→ **Source records**

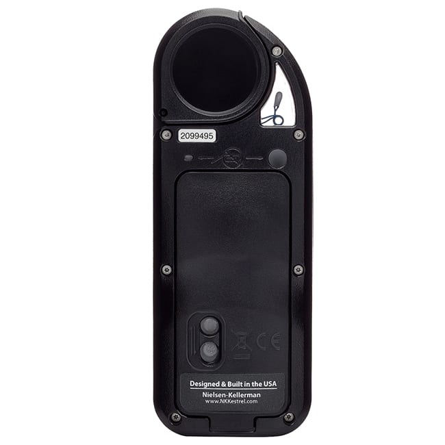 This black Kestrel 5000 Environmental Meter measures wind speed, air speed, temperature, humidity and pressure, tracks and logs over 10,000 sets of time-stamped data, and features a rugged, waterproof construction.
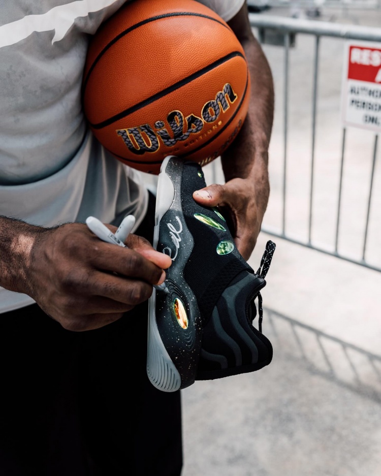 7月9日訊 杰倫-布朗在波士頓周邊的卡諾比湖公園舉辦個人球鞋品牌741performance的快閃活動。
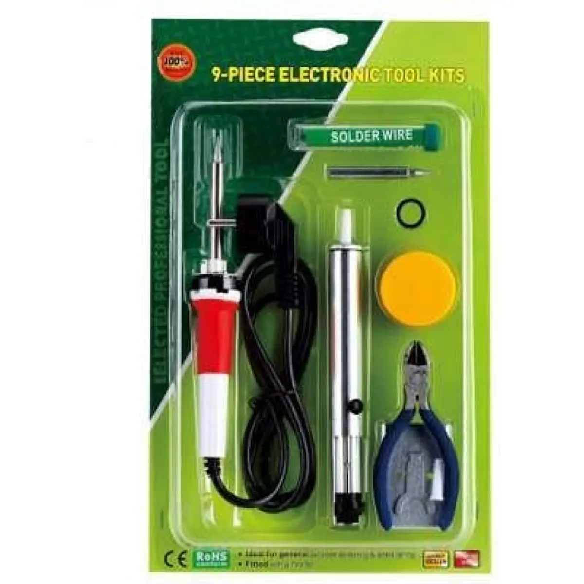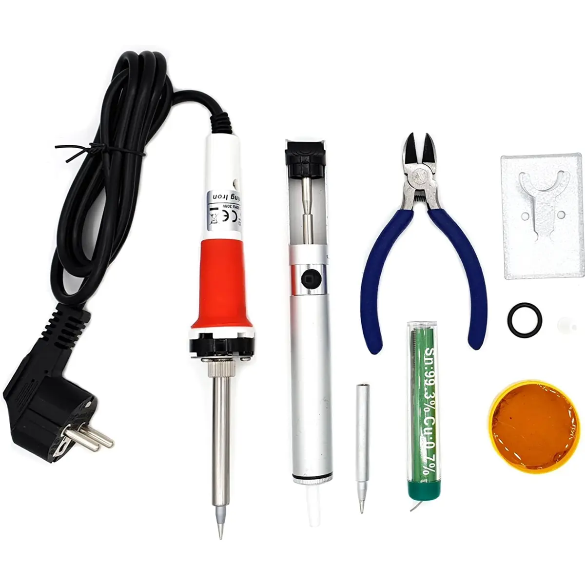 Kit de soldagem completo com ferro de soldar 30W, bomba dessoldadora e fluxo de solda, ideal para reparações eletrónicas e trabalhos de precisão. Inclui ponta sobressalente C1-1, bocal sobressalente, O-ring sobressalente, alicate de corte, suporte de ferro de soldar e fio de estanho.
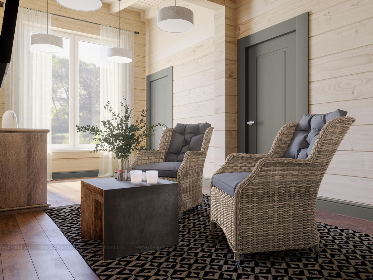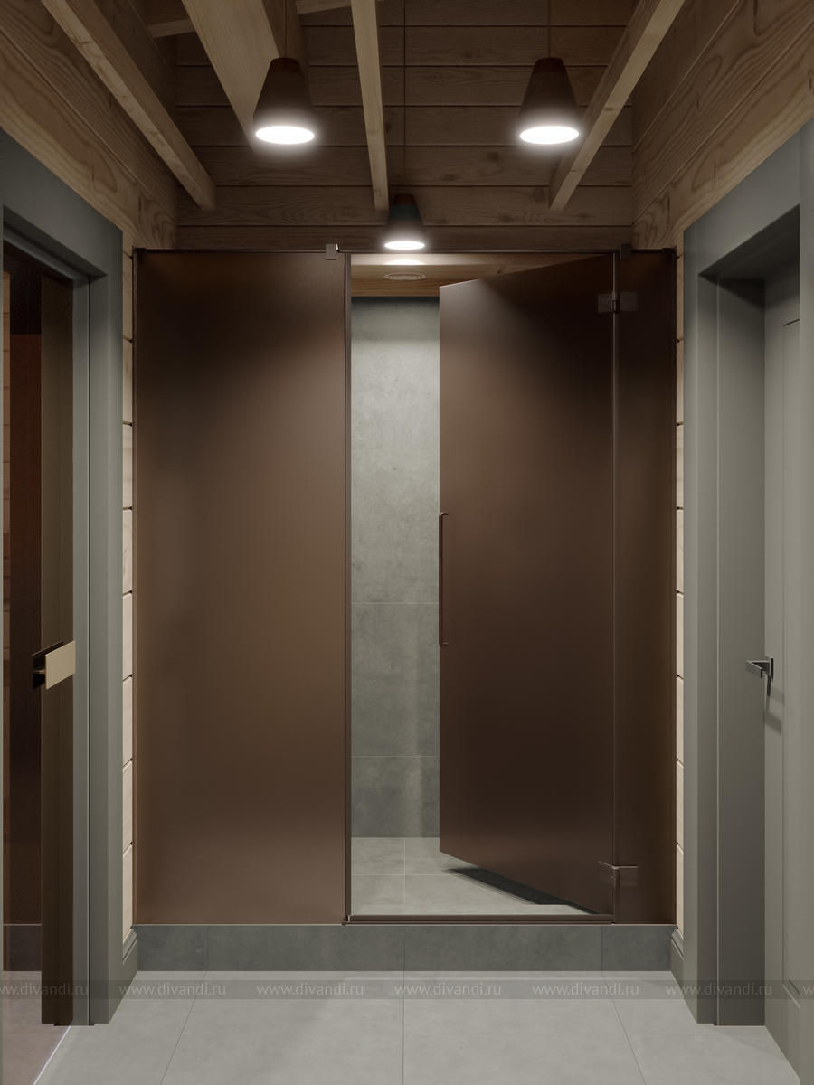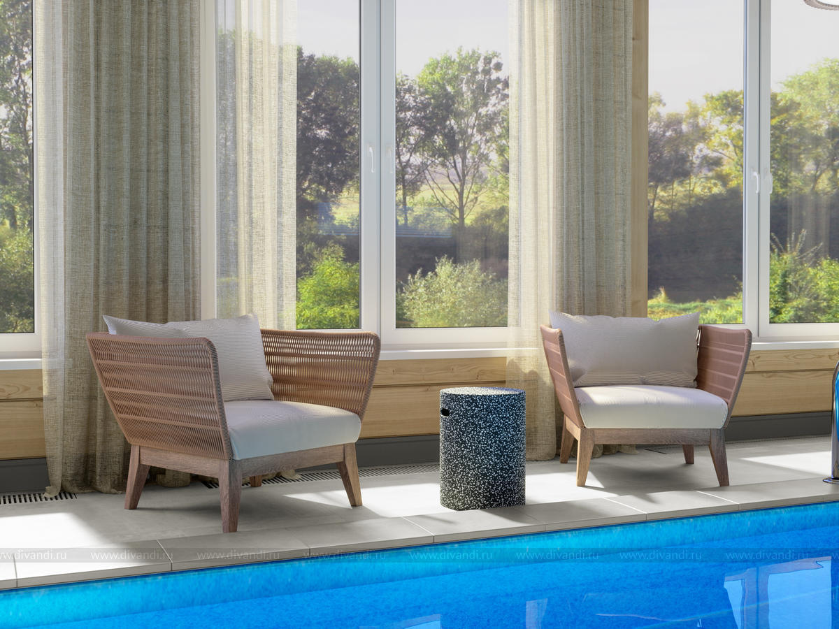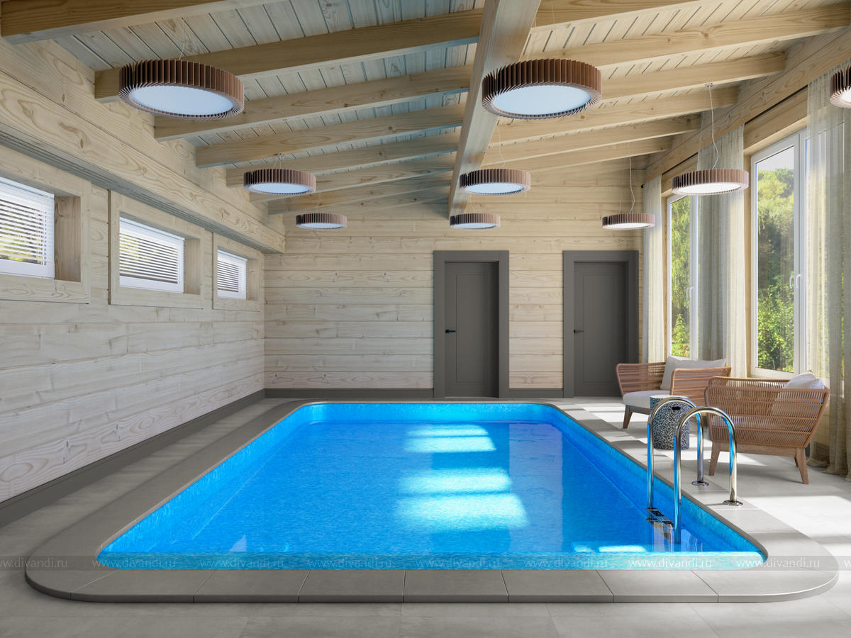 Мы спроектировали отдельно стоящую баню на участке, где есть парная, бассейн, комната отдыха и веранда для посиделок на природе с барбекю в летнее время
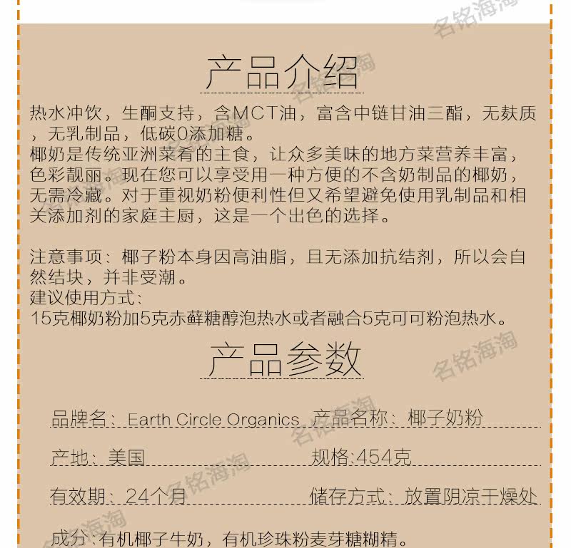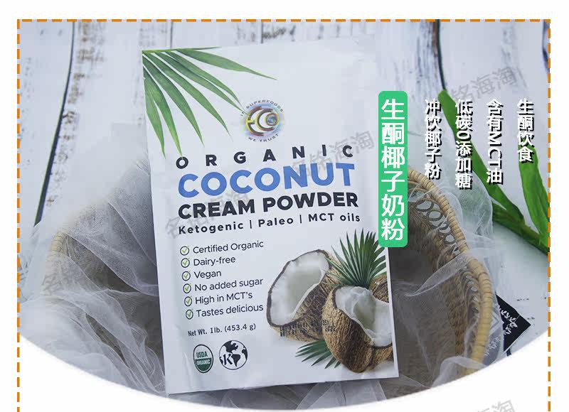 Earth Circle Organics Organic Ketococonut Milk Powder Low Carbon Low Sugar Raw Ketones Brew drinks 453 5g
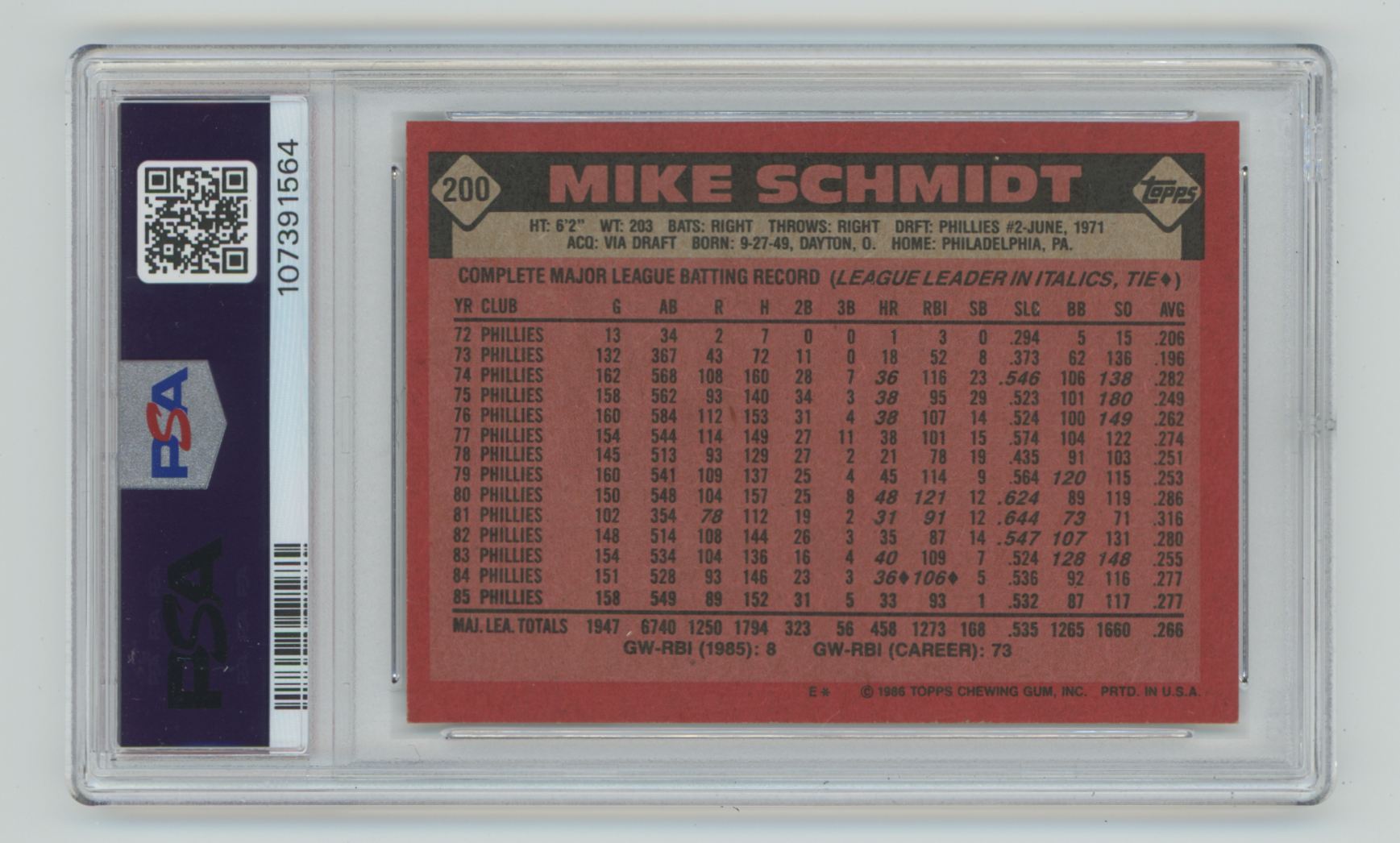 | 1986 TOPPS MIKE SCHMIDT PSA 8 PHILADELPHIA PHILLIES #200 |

→ **About this task**
Please output all of the entries above exactly, but without any picture.

→ **Exercise answer**
 This black Kestrel 5000 Environmental Meter measures wind speed, air speed, temperature, humidity and pressure, tracks and logs over 10,000 sets of time-stamped data, and features a rugged, waterproof construction.
 7月9日訊 杰倫-布朗在波士頓周邊的卡諾比湖公園舉辦個人球鞋品牌741performance的快閃活動。
 Kit de soldagem completo com ferro de soldar 30W, bomba dessoldadora e fluxo de solda, ideal para reparações eletrónicas e trabalhos de precisão. Inclui ponta sobressalente C1-1, bocal sobressalente, O-ring sobressalente, alicate de corte, suporte de ferro de soldar e fio de estanho.
 Мы спроектировали отдельно стоящую баню на участке, где есть парная, бассейн, комната отдыха и веранда для посиделок на природе с барбекю в летнее время
 Earth Circle Organics Organic Ketococonut Milk Powder Low Carbon Low Sugar Raw Ketones Brew drinks 453 5g
 | 1986 TOPPS MIKE SCHMIDT PSA 8 PHILADELPHIA PHILLIES #200 |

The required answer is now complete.